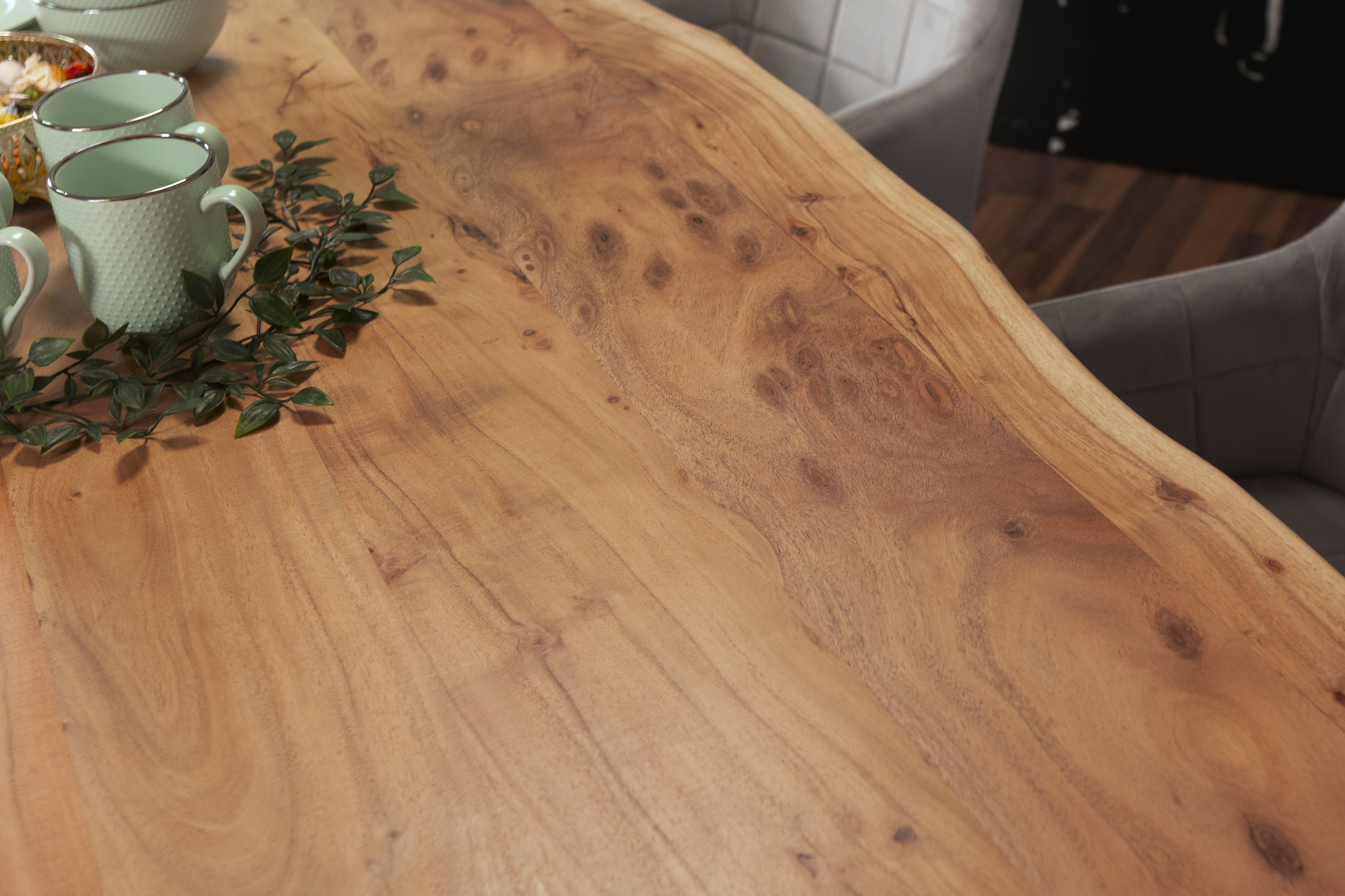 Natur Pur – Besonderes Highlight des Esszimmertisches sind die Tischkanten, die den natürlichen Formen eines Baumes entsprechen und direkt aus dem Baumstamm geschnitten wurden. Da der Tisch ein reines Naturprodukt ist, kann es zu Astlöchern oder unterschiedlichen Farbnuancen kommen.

+---+

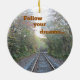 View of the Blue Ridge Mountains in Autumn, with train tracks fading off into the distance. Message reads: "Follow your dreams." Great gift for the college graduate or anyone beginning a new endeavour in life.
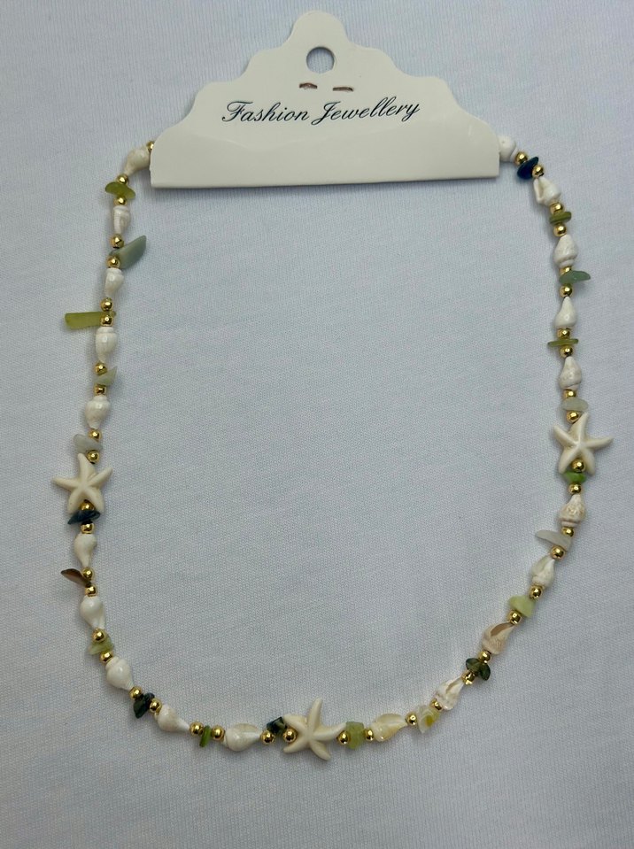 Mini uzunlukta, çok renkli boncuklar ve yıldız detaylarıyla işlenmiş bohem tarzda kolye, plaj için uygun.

+---+

* [What is expected]
Find where the line with "View of the" sits in the material above and where the line with "Mini uzunlukta, çok" sits. Set down exactly the lines from the first to the second, both included and nothing else, without pictures.

* [Problem solution]
 View of the Blue Ridge Mountains in Autumn, with train tracks fading off into the distance. Message reads: "Follow your dreams." Great gift for the college graduate or anyone beginning a new endeavour in life.
 Mini uzunlukta, çok renkli boncuklar ve yıldız detaylarıyla işlenmiş bohem tarzda kolye, plaj için uygun.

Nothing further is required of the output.